The preceding arguments have followed those of our original work (Melmoth and Grant 2006) in adhering to a commonly accepted conceptualization of prehension as requiring multi-factorial control of near-sequential reach–grasp–manipulate components (Jeannerod 1984), for which we have provided some support (Fig. 8). An alternative framework suggests that it more simply involves independent control of the thumb and index finger in aiming and guiding them to opposing contact points on the goal-object (Smeets and Brenner 1999). Evidence shows that, usually, either the thumb or the finger leads the way to make an initial soft landing at its pre-selected site on the target (Haggard and Wing 1997; Mon-Williams and McIntosh 2000; Melmoth and Grant 2012; Cavina-Pratesi and Hesse 2013; Grant 2015; Voudouris et al. 2016, 2018), the programming of which would likely benefit from binocular vergence cues to the absolute distance that the given digit needs to travel, as they do for single finger aiming-in-depth (Melmoth et al. 2007).
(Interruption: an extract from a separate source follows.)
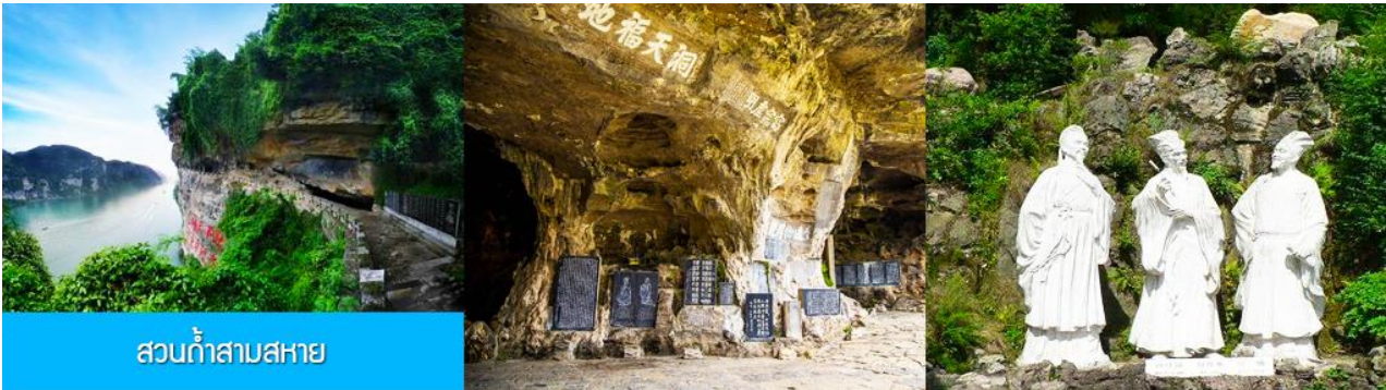
สวนกำสาบสหาย

The framework further suggests that the PGA is merely an emergent property of each digit’s independent trajectories, rather than a specifically controlled grasp parameter, with the thumb–finger separation scaling for target size because the movement of each digit needs to incorporate a margin for clearing the object’s opposing sides. Online binocular disparity processing could provide advantages for ensuring such clearances occur so that unintended collisions with object are avoided and that the digits then approach their contact sites along the pre-selected opposition axis through the target, as the framework specifically contends (Smeets and Brenner 1999; Verheij et al. 2014). These re-formulations of our conclusions are important, because they indicate that our main findings are compatible with key precepts of this alternative model.